Diary of a Mad County

MONDAY, Aug. 19 The Jew-hatin', Alta California reclamation-promotin' La Voz de Aztlan—which bills itself as a “totally independent news service”—announces that its website ranks among the top on the Internet, beating out most other Latino, Chicano, Hispanic and Mexican-American sites in popularity.
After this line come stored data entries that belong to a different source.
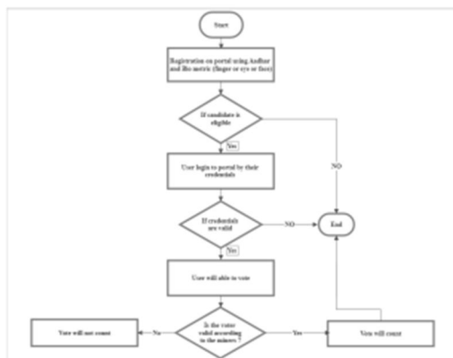
Fig. 1. Application flow diagram

Below diagram depicts the whole system architecture.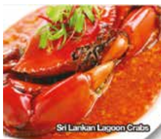
Sri Lankan Lagoon Crabs

Disclaimer: Due to Covid-19 travel restrictions, local / religious festivals, public holidays, weather condition, transport technical issue, acts of nature, Golden Destinations reserved the right to alter the sequence or change, amend or alter the itinerary if necessary, with or without prior notice.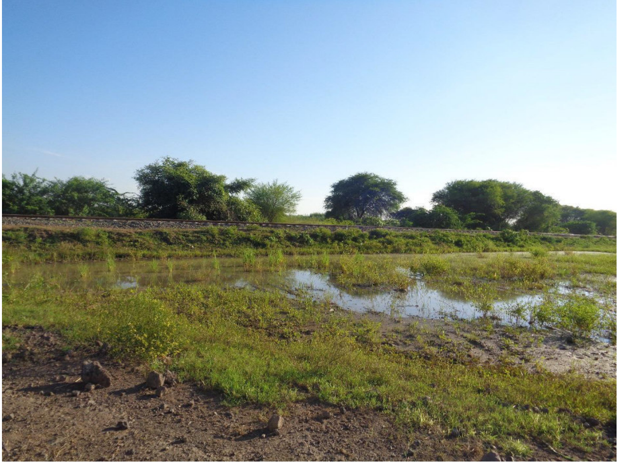
Photo No. 33. Along the access road to the Project site from the area where the water supply pipeline will be installed. Migratory birds and resident birds drink and feed in this area away from the village.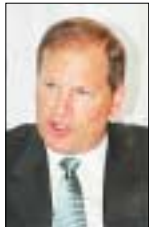
David Cote Honeywell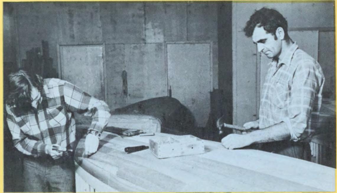
Applying the selected cedar planking on our Chibougamau style canoe.

To continue to meet the ever increasing demand for Tremblay handcrafted canoes, we open in 1975 our new plant. Through improved production methods and the manufacturing area increased three fold, we can not only guarantee delivery but actually improve our already proven level of quality.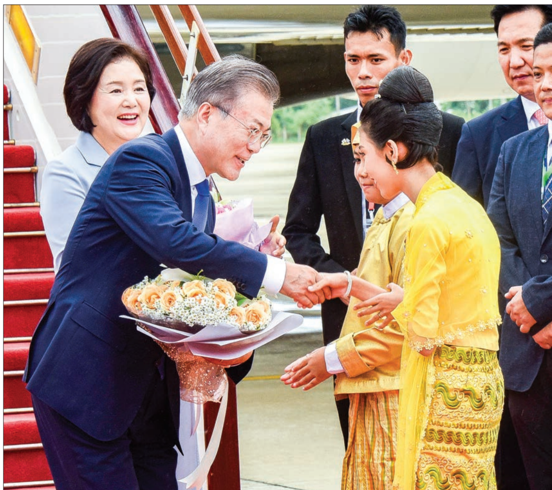
President of the Republic of Korea Moon Jae-in and First Lady Kim Jung-sook accept bouquets from children at the Nay Pyi Taw International Airport yesterday.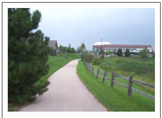
The Lifetime Fitness Connector currently connects to the Bunker Hill-Huntington Trail. An extension of the trail from Lifetime Fitness northward would provide a connection to a future trail.

The Arbor Hills – Falcon Ridge Trail would provide a trail for residents in the northern portion of the west side of Algonquin, and would connect the Arbor Hills and Falcon Ridge Parks, with connections to Lifetime Fitness and the High Hill Park/Village Hall Trail System. The trails would be predominantly Class I, running on streets adjacent to and between the parks. The proposed route would run along Stonegate, Salford, Buckingham, Huntington, and Aberdeen Drives. Trails may be able to go through some limited wooded or forested upland areas of the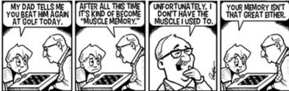
Out on a Limb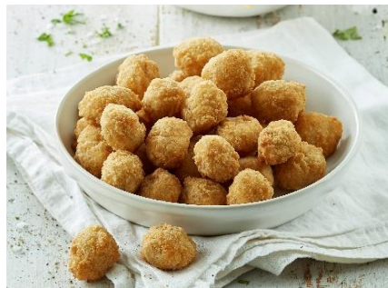
Pop 'Em Chicken Southern Style 1kg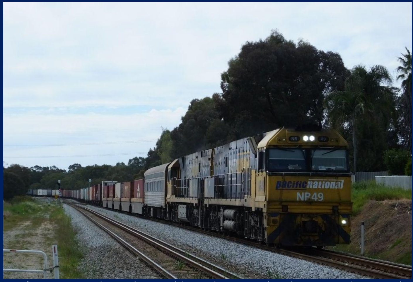
NR49 & NR52 on 6SP5 Sydney Perth intermodal at Hazelmere September 4th.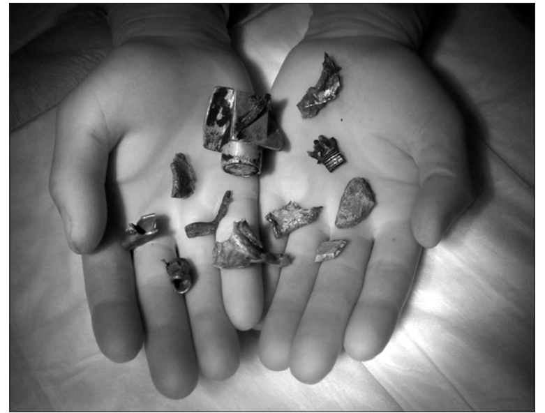
A member of the forward surgical team displays items removed from patients during surgery at the aid station. Among them: shrapnel, a bullet and a rock. The large item in the center is a component of a rocket propelled grenade. The team called explosive ordnance disposal in to determine whether or not it posed a threat.

Medical care here runs the gamut from IED blasts to gunshot wounds, shrapnel, burns and

Which either means there must be a lot more anti-Semitic reconquista knuckle-draggers who know how to use a computer than we thought, or that those who actually foster a fear of a brown planet—your Glenn Spencers, your Barbara Coes, your Harald Martins—regularly visit Whittier-based La Voz de Aztlan's site. Or both. The World Wide Web-ranking service Alexa.Com used the number of hits and links to www.aztlan.net as its basis for charting La Voz near the top. “The ranking . . . shows that La Voz de Aztlan website is more popular than many of the well-funded national Hispanic organizations' websites such as those of NCLR and MALDEF,” boasts publisher Hector Carreon, referencing the National Council of La Raza, which is the nation's largest Hispanic civil rights group, and the Mexican American Legal Defense and Educational Fund. “Also, we are particularly proud that we outranked in popularity the across-town website of the Jewish Journal of Greater Los Angeles.” La Voz certainly has a bug up its culo when it comes to our Hebrew brethren. A recent posting characterizes Jewish groups that ensure products are kosher as engaging in a “Kosher Nostra Scam” that is squeezing millions in “protection” money out of corporate America. La Voz blames zionists for recent U.S. intelligence failures and for a California appeals court's ruling to omit “under God” from the Pledge of Allegiance. Closer to home, La Voz smears prominent Orange County Latinos who criticize La Voz's rabid anti-Semitism (see Gustavo Arellano's “La Voz de Pendejos,” July 12). We just clicked on this most popular of websites and downloaded an article that accuses the Walt Disney Co. of insensitivity toward Mexicans. They illustrate the piece with Mickey Mouse wearing a yarmulke and holding a Star of David. To build its case against “super Jewish mogul Michael Eisner,” La Voz lifts nearly word-for-word from an article published by the Holocaust-denying, Newport Beach-based Institute for Historical Review (A Clockwork Orange, June 28). You know what they say: one no-good hate group deserves another.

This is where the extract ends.